En Allemagne, le consortium Siemens (sur base Krauss-Maffei) a lancé son propre autorail pour les nouvelles relations ICE qui, au contraire des TGV, utilisait au début, les infrastructures existantes. Le succès français et la cohabitation difficile entre les intercités traditionnels et les Velaro de Siemens a conduit l’Allemagne a construire des LGV, à son tour. Le Velaro n’a cessé de s’améliorer et de s’exporter notamment en Espagne et plus récemment pour le tunnel sous la Manche ; au grand dam d’Alstom… L’agressivité technologique et commerciale du n° 3 mondial a incité certains, avec la quasi injonction de la Commission Europénne à demander le démantèlement d’Alstom et la cession des activités ferroviaires à Siemens qui avait déjà racheté la branche « transports » de Matra qui construit notamment le VAL. Cela a conduit le Gouvernement français et son Ministre de l’Économie de l’époque, un certain M. Sarkozy, de mettre de l’argent dans la branche ferroviaire d’Alstom au point que certains ont pu parler de nationalisation déguisée. Ça a sauvé momentanément le n°2 mondial mais la stratégie insensée des hauts dirigeants d’Alstom les a poussé à céder la branche « énergie » à General Electric et donc menacer (euphémisme) l’indépendance énergétique de la France. Puisqu’on en est dépecer l’ex géant français, pourquoi ne pas continuer ? On ferme l’usine de production de Belfort et l’on regroupe tout à Reichshoffen qui s’occupe surtout de maintenance et pas de production. Tout est dit. Scandale dans la foulée, d’autant que le PDG et les actionnaires, eux, se frottent les mains tandis que, une fois de plus, on déplore que la France n’a plus d’industrie et ne produit plus rien, au contraire de l’Allemagne. On comprend d’autant moins que peu de jours plus tôt, on annonçait en fanfare la vente de rames Avelia Liberty (dérivé de l’AGV) aux États-Unis et l’on y voyait un signe que l’industrie ferroviaire française reprenait l’avantage.

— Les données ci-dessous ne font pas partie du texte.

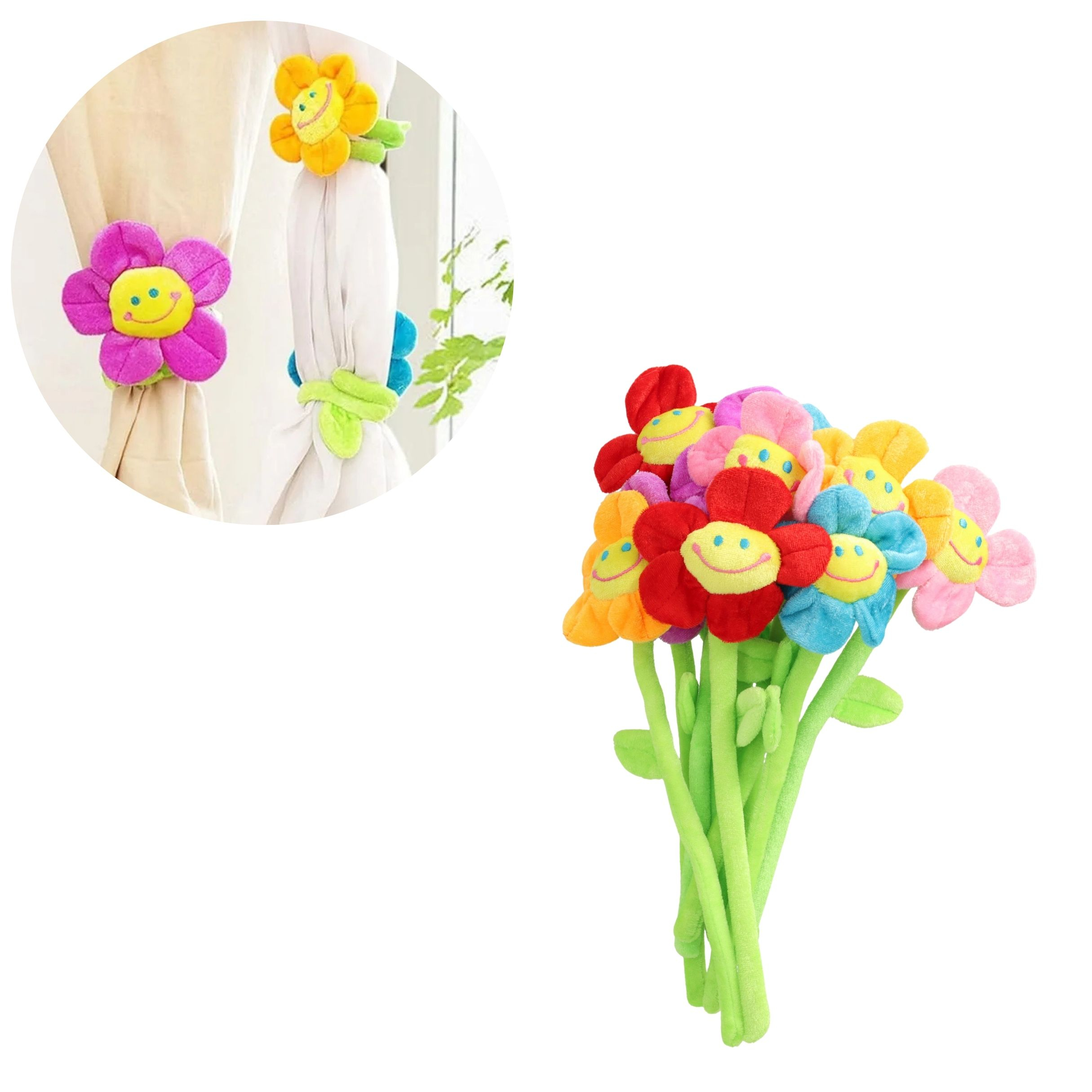 (10er Set) 30cm Plüsch Vorhang Raffhalter Binder Kinderzimmer Deko Biegbare Gardinenhalter - Blumen

http://www.usinenouvelle.com/article/l-avelia-liberty-le-nouveau-tgv-d-alstom-qui-seduit-les-etats-unis.N430002

 

Après quelques jours de tergiversation, de négociation, le Gouvernement qui vit ses derniers mois débloque un demi-milliard d’euros pour acheter 16 TGV. On se dit que c’est formidable et que le site belfortain est sauvé. Sauf que, en y regardant de près, on comprend que c’est un coup tordu. D’abord, c’est l’État et pas SNCF qui paie. Curieux : c’est pourtant la même caisse et le même argent des contribuables. Ah non, une astuce comptable exige de différencier les deux. Curieux pays où dans une même entreprise d’État ou une même administration, on se facture des prestations à soi-même mais dans deux services ou filiales différentes. En clair, l’État va agir comme un opérateur privé sur son propre réseau national construit par l’État. Ou plutôt, l’État va agir comme les Régions qui financent les rames qui roulent sur les voies SNCF à côté des trains de la SNCF et, bientôt, des opérateurs privés qui, pour l’instant, ne se bousculent pas. Deuxième bizarrerie, ces TGV rouleront à vitesse commerciale normale – soit 160 km/h – au lieu des 350 autorisés sur les LGV. L’Espagne avait fait ça en 1992. Dans sa commande de 24 TGV, il y avait 6 rames à écartement espagnol pour proposer des liaisons plus rapides sur lignes normales sur les relations Euromed. Au début des années 2010, la Renfe a transformé ces 6 TGV sous employés, en TGV à grande vitesse et écartement international pour renforcer son offre AVE. La France fait le contraire… On peut penser que les 16 nouvelles rames (si la commande est honorée) rouleront bien sur les LGV et que les premières rames vieillissantes (mais pas tant que ça) seront affectées aux liaisons intercités classiques. Du reste, c’est une proposition qui avait déjà été exprimée, accompagnée du souhait de relèvement de la vitesse de ces rames à 200 km/h (au lieu de 160), soit la vitesse des prestigieux Capitole, Aquitaine (220 km/h entre Paris et Bordeaux) et presque autant pour le Mistral. Y a pas à dire, on progresse à reculons.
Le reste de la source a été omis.